Though no one would refer to this as a "plot" novel, the usual functions of a plot are indeed present, and serve to keep us turning the pages. Some of this is achieved by our curiosity about this woman "28", and the tension created within the dialogue episodes, leading to the moment when the narrator discovers that he loves the woman he thinks he's been talking with, only to discover further that he has fallen in love with a fiction. Also contributing to this narrative drive is the reader's interest in discovering whether the narrator's son will recover from his coma, and whether the ex-wife's excessive hatred and verbal abuse will lead to violence, or to an attempt to separate him from his son. The question "what is truth?" is not a simple one.
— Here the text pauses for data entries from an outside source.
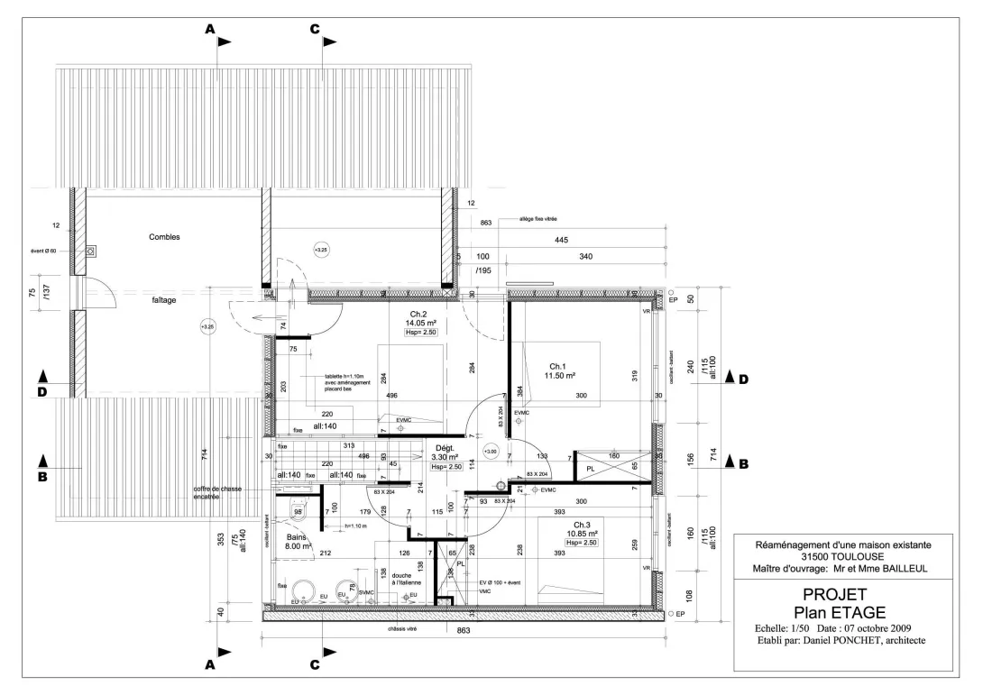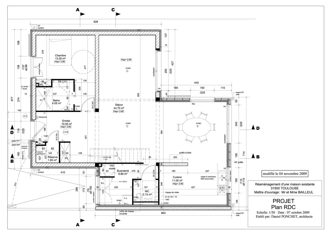 • Pour cela une extrême vigilance a été portée à l’isolation de la partie existante conservée et aux liaisons avec la partie en extension bois afin d’éviter tout ponts thermiques et toutes déperditions, ainsi qu’une bonne étanchéité à l’air.
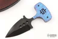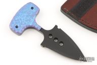 This Push Dagger by Mike Snody features a black chisel gound double edged blade with .232" blade stock and 1.477" blade depth,. full tang construction with textured and anodized titanium scales. Comes with a brown leather sheath. Excellent condition.
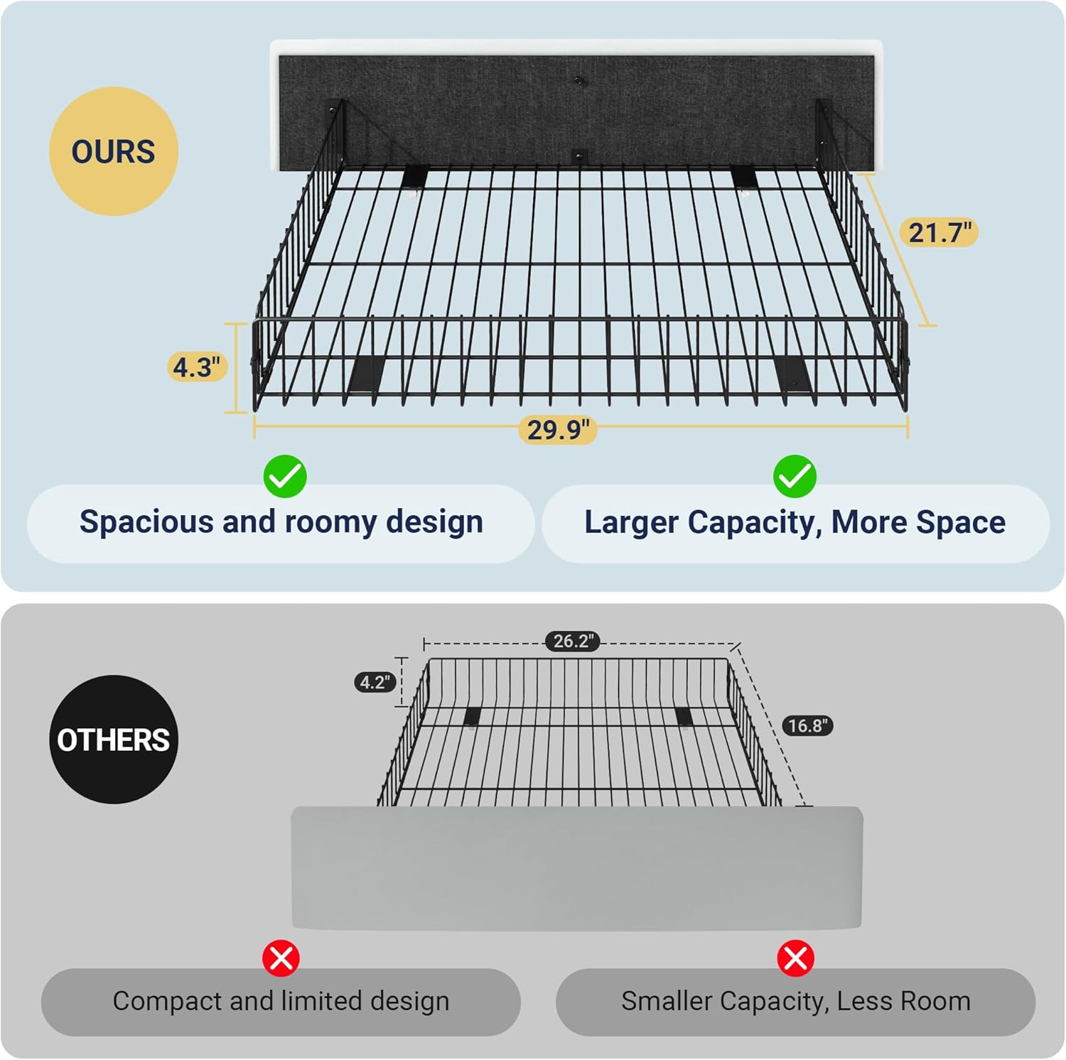 Lifezone Queen Bed Frame with 2-Tier Storage Headboard, Metal Platform Bed Frame with 4 Storage Drawers, Built in Charging Station & LED, Noise-Free/Metal Support/No Box Spring Needed
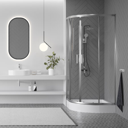 Desna is a series of shower cabins consisting of half-round cabin and square cabin, both in elegant chrome and black finish. Desna shower cabins stand out with a modern design, durable materials and functional solutions, ensuring comfort and convenience when taking a shower. When selecting Desna shower cabins it’s important to take into account the available bathroom space and individual aesthetic preferences. Half-round and square cabins offer various visual and ergonomic experiences, so it’s worth paying attention to these aspects when making your decision.
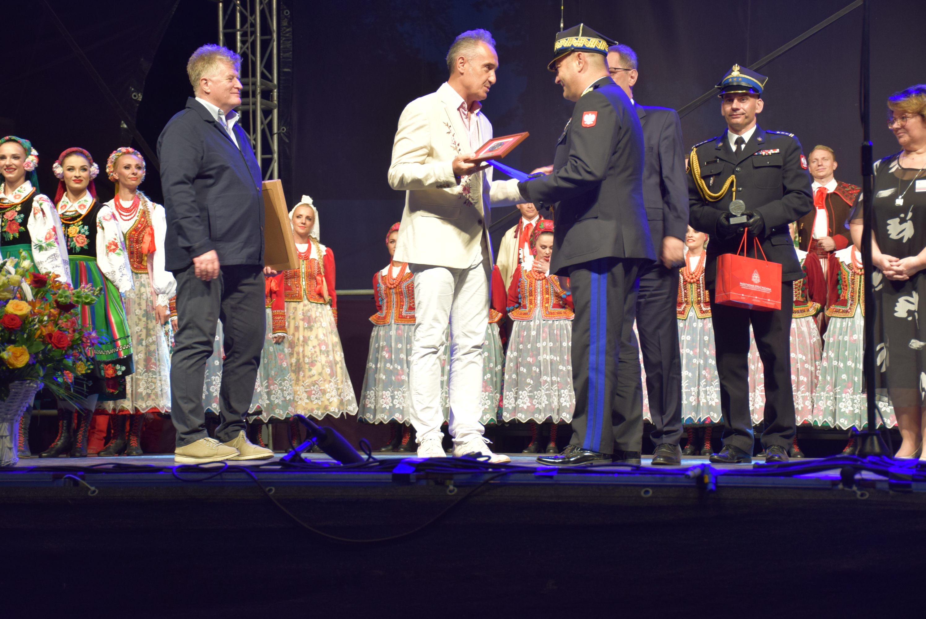 Na koszęcińskiej scenie nie zabrakło występów artystycznych - Orkiestry Koncertowej Reprezentacyjnego Zespołu Wojska Polskiego wraz z solistami, pokazu III Pułku Ułanów Śląskich oraz koncertu Katarzyny Suchary z zespołem w programie "Muzyka jest kobietą". Gwiazdą wieczoru był Zespół Pieśni i Tańca "Śląsk", prezentując swój repertuar. – W imieniu służ mundurowych mogę podziękować za tą wspaniałą ucztę. Wrażenia z koncertu Zespołu „Śląsk” za każdym razem są pierwotne – ciągle się widzi coś nowego, ale zawsze widzi się tą samą doskonałość – doskonałość wykonania. To artyzm tych wszystkich osób, którzy dają z siebie wszystko. Chylimy przed Wami czoła, przed Waszym profesjonalizmem. Jesteśmy dumni z Zespołu „Śląsk”, bo jesteście diamentem w koronie Rzeczpospolitej i najlepszym mecenasem sztuki polskiej na świecie – tymi słowami Śląski Komendant Wojewódzki PSP nadbryg. Jacek Kleszczewski podziękował za występ Zespołu, będący ukoronowaniem tegorocznych obchodów 30-lecia powstania Państwowej Straży Pożarnej.
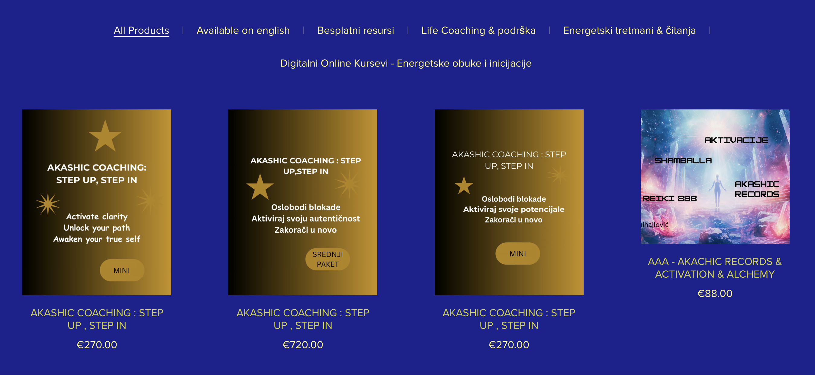 "Pohađajući Online Program Life Coach Certifikacije na Coaching Akademiji ‘Ajna’ i online grupni biznis coaching program koji vode Danijela Jokić Vaislay i Vanja Beukelman Pavlović, otvorila su mi se brojna vrata i mogućnosti. Još od februara, kada mi je stigao laptop i kada sam pokrenula svoju prvu PayHip online prodavnicu (web-trgovinu), moj put se potpuno promenio. Danas, početkom septembra, već imam 38 digitalnih produkata – od meditacija, različitih coaching usluga, do energetskih radova. Ono što mi je najviše značilo je to što Danijela i Vanja nude jasne, korak-po-korak alate i upute za pokretanje samostalnog biznisa, kao i veliku tehničku podršku putem snimljenih lekcija – baš ono što mi je nedostajalo. Neizmijerno sam im zahvalna!"
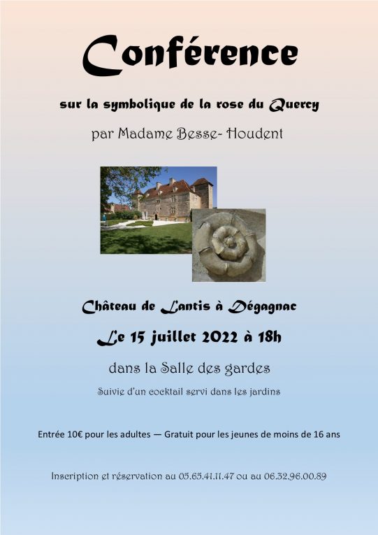 Dans le cycle des conférences estivales au château de Lantis à Dégagnac nous vous proposons une conférence sur la symbolique de la rose du Quercy vendredi 15 juillet au frais dans la salle des gardes .
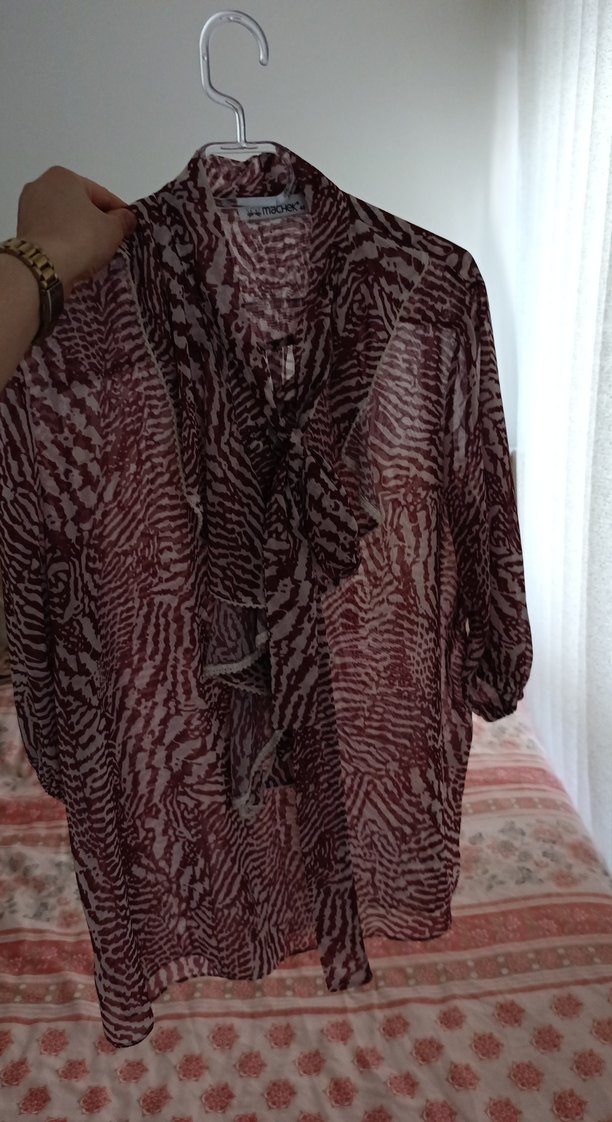 Bordo renkte, bağlamalı ve salaş kesim kadın bluz. Uzun kollu, halter yaka ve yumuşak dokulu kumaştan yapılmıştır. Bohem tarz için uygundur. Şifondur.
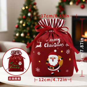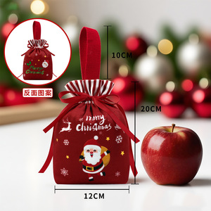 圣诞节绒布手提袋跨境新品苹果包装袋抽拉绳收纳糖果礼品袋批发
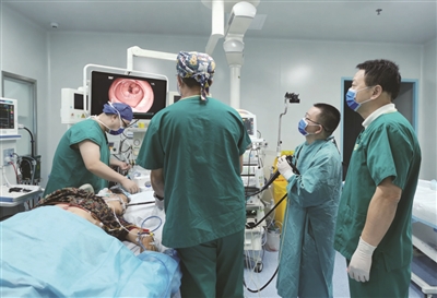 9月20日晨,消化内科曾斌主任团队紧急为患者进行胃镜检查,发现在十二指肠降部有大量新鲜血液及血凝块,但由于常规胃镜长度有限,无法抵达更深部位的肠道,出血源头成了一个致命的“谜团”。常规药物治疗已无法奏效,患者生命岌岌可危!
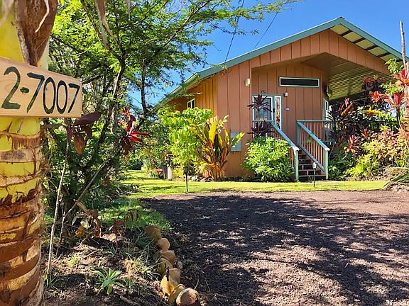 Truly, a Piece of Paradise! Tucked into a quiet back corner of the seaside community of Kalapana Seaview this turnkey licensed vacation rental (STRV) has so much to offer. A charming one bedroom, one bath, open floor plan home with wonderful lanais is surrounded by a variety of flowering and fragrant plants, lush lawn, fruit trees, native Ohia trees, and more. Two adjoining parcels, one park-like, and the other raw land are for sale along with the home (see MLS 703264 & 703263, sold separately ). This is a rare opportunity to have just under 30,000 sqft of land with options to keep it as is for privacy or build permitted homes on the additional parcels.
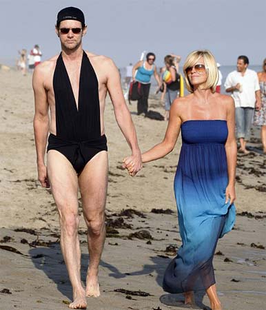 中新網(wǎng)7月7日電 好萊塢喜劇明星金·凱瑞趁美國(guó)獨(dú)立紀(jì)念日假期,和女友珍妮·麥卡錫一起在馬里布海灘散步,沒(méi)想到他身上穿的竟然是女友之前才剛穿的泳裝,十分搞笑。
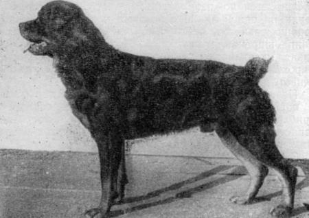 Ротвейлер (рис. 21). Первоначально эта порода называлась «ротвейлерской мясницкой собакой», так как ее разводили и держали мясники, перегонявшие гурты скота. Только в начале девятисотых годов, когда началась заводская работа с этой породой, ей было присвоено современное наименование. Ротвейлеры выносливы, неприхотливы и успешно применяются в качестве караульных и розыскных собак, а также для транспортировки грузов на небольшие расстояния, обычно в хозяйстве своих владельцев.
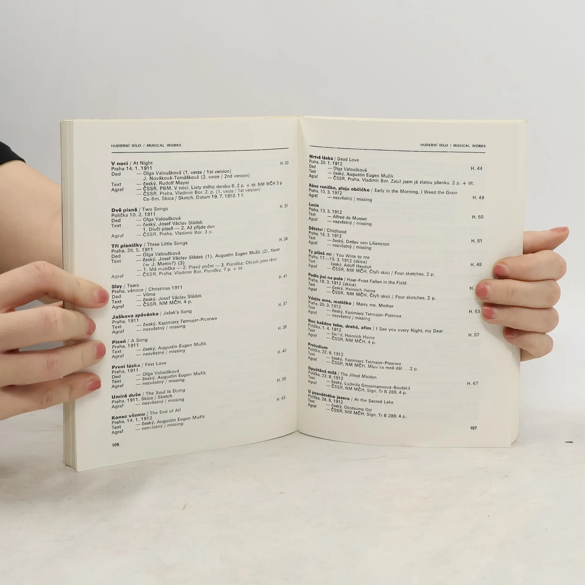 Soupis hudebních a literárních děl skladatele.
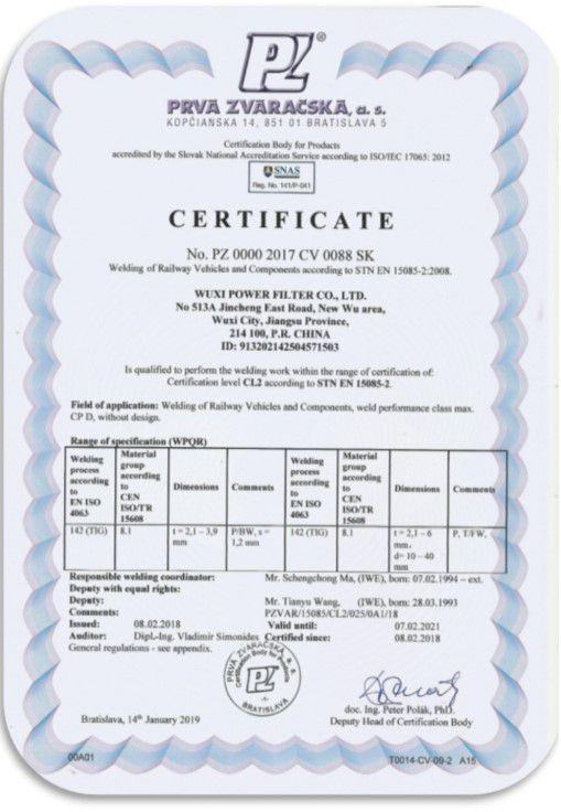全面貫徹實施ISO9001質量管理體系和STNEN15085-2國際焊接體系認證,公司通過建立一系列的質量目標,構成目標體系,并根據實際情況的變化,改進質量目標要求值,在《質量手冊》的指導下,制定一系列控制程序。
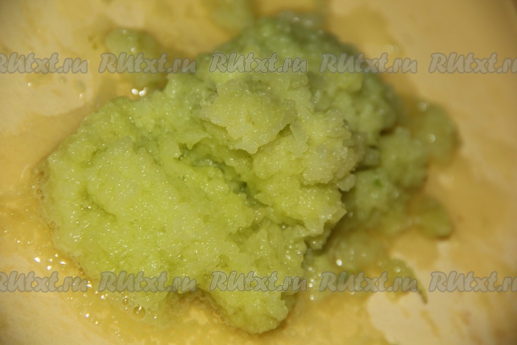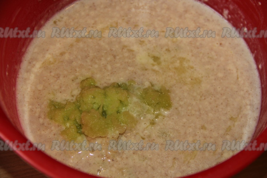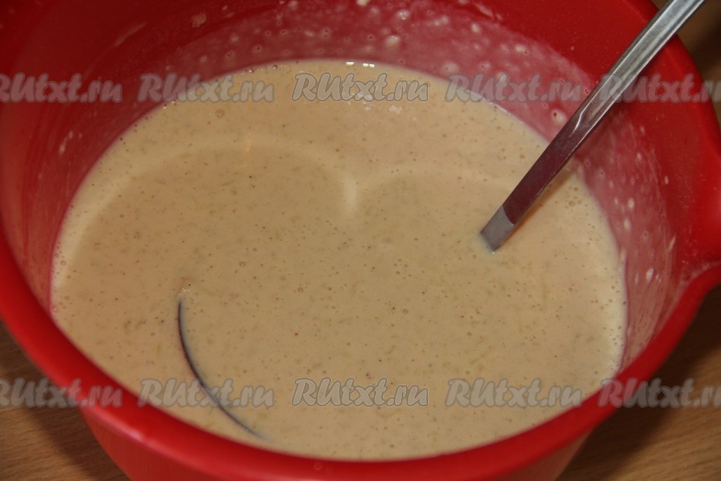 Перемешать тесто, оно получится не густым. Если тесто получилось жидковатым (многое зависит от сочности яблок), тогда всыпьте совсем немного муки.
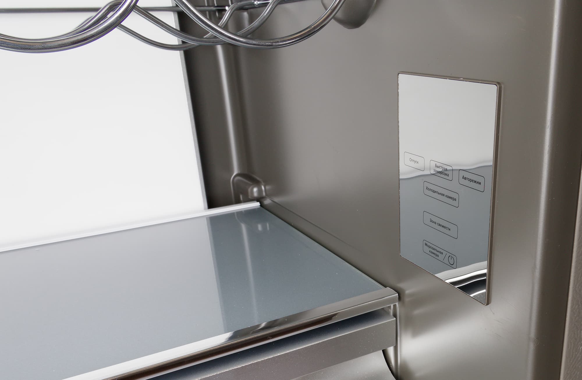 На правой стенке камеры расположены механический датчик открытия двери и зеркальная панель управления со светодиодной индикацией. Зеркальное стекло здесь выглядит современно и интересно, но надписи на панели читаются с трудом даже при пустом холодильнике.
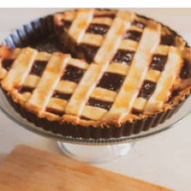 Bake your Crostata in the fridge for 50 -60 minutes at 340 degrees Fahrenheit. Remove from oven when the crostata has a soft golden color and slightly brown at the edges.

The reader is aware that the main forces driving the novel are questions about identity, about the meaning of life and truth, and about responsibilities toward one's own decisions regarding living or dying, struggling or giving up. That the narrator falls in love with a fiction is entirely appropriate to the literary themes that are threaded through the novel. The narrator is not only a writer, but is a writer intensely engaged in the problems and techniques of writing fiction, to the extent that he makes these concerns part of his fictional conversation. On the one hand we have a writer who writes and thinks about fiction as a literary concept, and on the other hand we have a woman who lives a fiction. In both cases fiction is a journey in search of truth.